When the line with "- 4.当任务队列已满,会再" appears below, start repeating lines exactly, and keep going through the line with "Consiglio dei ministri"; add nothing outside that span.

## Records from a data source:
+---+

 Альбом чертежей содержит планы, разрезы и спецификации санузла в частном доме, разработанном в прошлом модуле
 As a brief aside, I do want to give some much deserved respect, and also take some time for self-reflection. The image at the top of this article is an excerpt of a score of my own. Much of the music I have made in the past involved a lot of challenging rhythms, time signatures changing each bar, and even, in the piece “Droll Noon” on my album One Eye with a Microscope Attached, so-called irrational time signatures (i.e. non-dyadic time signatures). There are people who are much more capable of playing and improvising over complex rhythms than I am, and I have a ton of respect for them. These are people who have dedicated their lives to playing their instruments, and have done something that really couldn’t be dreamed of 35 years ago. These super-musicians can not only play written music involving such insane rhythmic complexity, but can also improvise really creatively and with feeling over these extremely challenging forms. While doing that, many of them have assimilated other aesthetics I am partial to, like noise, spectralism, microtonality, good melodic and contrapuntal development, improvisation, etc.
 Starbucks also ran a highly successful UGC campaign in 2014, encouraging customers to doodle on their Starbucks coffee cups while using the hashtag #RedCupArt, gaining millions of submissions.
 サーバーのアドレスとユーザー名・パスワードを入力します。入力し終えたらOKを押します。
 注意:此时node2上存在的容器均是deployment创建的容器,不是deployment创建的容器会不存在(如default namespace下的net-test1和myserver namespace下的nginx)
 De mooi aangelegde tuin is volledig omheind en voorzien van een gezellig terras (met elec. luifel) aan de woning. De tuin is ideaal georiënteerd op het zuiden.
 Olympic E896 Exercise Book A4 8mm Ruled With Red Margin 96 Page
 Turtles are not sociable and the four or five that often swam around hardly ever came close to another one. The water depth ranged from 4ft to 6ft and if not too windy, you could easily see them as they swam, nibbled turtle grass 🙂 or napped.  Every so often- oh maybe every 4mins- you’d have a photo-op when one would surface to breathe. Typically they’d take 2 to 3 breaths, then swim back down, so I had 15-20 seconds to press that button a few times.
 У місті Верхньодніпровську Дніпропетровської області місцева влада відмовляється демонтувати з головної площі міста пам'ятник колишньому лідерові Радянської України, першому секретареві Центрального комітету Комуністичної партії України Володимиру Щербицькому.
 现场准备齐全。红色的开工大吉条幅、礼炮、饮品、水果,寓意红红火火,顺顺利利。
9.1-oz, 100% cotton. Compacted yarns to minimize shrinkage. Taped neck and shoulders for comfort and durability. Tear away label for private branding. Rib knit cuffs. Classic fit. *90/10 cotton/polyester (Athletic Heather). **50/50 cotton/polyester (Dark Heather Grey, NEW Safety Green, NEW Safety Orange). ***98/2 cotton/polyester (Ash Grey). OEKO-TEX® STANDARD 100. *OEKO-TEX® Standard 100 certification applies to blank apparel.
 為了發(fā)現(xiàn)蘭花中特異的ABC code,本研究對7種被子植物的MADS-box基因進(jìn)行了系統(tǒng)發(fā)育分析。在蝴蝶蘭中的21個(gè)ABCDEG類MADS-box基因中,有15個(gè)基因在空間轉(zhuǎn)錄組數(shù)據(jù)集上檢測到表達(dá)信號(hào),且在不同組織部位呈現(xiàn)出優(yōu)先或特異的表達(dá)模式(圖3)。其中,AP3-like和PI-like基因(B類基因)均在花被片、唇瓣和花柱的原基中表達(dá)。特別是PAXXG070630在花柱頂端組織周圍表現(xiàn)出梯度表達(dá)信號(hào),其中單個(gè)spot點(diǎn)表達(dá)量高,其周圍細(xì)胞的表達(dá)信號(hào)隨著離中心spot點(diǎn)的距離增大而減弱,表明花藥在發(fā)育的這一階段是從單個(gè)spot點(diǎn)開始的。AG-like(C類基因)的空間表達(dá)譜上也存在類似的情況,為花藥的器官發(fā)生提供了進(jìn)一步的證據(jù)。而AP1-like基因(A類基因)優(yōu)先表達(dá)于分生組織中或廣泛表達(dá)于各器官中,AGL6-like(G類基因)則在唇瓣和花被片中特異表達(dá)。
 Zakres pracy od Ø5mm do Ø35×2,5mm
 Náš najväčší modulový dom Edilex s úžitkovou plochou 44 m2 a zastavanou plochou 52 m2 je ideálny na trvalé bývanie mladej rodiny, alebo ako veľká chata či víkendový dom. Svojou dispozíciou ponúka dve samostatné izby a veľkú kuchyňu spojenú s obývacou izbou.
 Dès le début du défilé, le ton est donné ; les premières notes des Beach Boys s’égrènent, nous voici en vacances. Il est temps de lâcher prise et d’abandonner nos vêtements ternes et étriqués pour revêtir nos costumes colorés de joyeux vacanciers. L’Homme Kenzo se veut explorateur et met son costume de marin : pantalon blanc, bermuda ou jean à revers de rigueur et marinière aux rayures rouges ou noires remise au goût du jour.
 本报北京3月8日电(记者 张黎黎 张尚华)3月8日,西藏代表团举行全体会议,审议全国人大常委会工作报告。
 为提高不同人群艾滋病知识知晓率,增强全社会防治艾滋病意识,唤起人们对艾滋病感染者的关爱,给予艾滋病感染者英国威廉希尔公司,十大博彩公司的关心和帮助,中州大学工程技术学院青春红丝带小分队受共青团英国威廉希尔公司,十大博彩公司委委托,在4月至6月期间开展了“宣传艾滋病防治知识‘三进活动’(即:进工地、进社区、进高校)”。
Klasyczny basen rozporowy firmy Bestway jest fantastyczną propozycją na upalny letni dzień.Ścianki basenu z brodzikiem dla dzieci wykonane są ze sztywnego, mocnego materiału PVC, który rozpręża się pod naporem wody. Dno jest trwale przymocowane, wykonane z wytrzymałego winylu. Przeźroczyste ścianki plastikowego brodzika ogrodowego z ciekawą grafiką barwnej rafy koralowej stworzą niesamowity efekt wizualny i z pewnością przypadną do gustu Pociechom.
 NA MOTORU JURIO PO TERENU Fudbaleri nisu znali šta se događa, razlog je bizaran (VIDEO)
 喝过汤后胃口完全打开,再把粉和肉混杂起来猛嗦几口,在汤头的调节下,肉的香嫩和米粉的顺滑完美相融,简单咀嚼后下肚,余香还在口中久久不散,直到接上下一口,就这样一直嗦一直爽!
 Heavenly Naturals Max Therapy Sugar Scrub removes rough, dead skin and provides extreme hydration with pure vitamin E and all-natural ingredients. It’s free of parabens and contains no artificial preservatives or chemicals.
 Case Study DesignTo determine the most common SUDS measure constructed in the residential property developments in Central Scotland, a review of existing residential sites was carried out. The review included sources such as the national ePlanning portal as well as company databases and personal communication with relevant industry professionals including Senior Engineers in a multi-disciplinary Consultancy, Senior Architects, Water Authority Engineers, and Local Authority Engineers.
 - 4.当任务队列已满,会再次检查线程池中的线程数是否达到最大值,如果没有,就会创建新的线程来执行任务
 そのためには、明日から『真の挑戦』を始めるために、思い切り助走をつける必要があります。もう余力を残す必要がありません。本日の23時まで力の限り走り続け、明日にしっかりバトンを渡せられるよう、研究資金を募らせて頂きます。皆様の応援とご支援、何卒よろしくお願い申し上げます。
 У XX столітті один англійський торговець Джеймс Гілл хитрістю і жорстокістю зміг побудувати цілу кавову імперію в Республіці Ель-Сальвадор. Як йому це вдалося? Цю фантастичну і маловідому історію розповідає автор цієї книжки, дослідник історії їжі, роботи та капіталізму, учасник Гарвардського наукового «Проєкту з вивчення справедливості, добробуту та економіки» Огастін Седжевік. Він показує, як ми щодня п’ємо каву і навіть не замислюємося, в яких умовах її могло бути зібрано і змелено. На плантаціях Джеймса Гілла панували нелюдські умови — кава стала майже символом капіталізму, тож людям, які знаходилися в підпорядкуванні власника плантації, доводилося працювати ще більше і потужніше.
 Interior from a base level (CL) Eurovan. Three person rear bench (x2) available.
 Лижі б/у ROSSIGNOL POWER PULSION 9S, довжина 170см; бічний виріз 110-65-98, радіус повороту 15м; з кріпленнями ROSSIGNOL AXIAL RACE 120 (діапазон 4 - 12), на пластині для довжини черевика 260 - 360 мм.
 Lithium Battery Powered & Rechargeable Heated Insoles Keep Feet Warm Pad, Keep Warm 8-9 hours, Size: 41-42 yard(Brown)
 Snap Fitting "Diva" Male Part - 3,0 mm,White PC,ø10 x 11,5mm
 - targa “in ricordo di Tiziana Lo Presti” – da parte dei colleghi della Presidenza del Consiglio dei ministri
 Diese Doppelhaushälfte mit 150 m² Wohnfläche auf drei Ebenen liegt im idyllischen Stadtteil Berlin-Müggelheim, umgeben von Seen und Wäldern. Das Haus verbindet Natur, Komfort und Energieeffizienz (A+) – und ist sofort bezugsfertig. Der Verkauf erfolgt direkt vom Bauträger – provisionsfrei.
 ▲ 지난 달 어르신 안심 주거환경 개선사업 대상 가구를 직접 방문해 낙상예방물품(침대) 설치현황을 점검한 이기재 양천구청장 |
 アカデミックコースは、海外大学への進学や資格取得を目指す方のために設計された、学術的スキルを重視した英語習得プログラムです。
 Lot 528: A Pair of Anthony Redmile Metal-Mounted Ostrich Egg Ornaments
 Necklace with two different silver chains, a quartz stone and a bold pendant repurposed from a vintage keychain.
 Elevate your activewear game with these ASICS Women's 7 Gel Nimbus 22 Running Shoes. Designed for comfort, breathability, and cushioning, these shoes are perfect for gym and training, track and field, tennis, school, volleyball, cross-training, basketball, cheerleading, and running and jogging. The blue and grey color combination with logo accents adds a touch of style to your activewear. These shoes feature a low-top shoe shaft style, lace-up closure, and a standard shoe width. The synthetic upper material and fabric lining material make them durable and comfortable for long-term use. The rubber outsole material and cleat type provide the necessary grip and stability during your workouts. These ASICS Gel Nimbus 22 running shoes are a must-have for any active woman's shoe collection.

+---+

## Response for this exercise:
 - 4.当任务队列已满,会再次检查线程池中的线程数是否达到最大值,如果没有,就会创建新的线程来执行任务
 そのためには、明日から『真の挑戦』を始めるために、思い切り助走をつける必要があります。もう余力を残す必要がありません。本日の23時まで力の限り走り続け、明日にしっかりバトンを渡せられるよう、研究資金を募らせて頂きます。皆様の応援とご支援、何卒よろしくお願い申し上げます。
 У XX столітті один англійський торговець Джеймс Гілл хитрістю і жорстокістю зміг побудувати цілу кавову імперію в Республіці Ель-Сальвадор. Як йому це вдалося? Цю фантастичну і маловідому історію розповідає автор цієї книжки, дослідник історії їжі, роботи та капіталізму, учасник Гарвардського наукового «Проєкту з вивчення справедливості, добробуту та економіки» Огастін Седжевік. Він показує, як ми щодня п’ємо каву і навіть не замислюємося, в яких умовах її могло бути зібрано і змелено. На плантаціях Джеймса Гілла панували нелюдські умови — кава стала майже символом капіталізму, тож людям, які знаходилися в підпорядкуванні власника плантації, доводилося працювати ще більше і потужніше.
 Interior from a base level (CL) Eurovan. Three person rear bench (x2) available.
 Лижі б/у ROSSIGNOL POWER PULSION 9S, довжина 170см; бічний виріз 110-65-98, радіус повороту 15м; з кріпленнями ROSSIGNOL AXIAL RACE 120 (діапазон 4 - 12), на пластині для довжини черевика 260 - 360 мм.
 Lithium Battery Powered & Rechargeable Heated Insoles Keep Feet Warm Pad, Keep Warm 8-9 hours, Size: 41-42 yard(Brown)
 Snap Fitting "Diva" Male Part - 3,0 mm,White PC,ø10 x 11,5mm
 - targa “in ricordo di Tiziana Lo Presti” – da parte dei colleghi della Presidenza del Consiglio dei ministri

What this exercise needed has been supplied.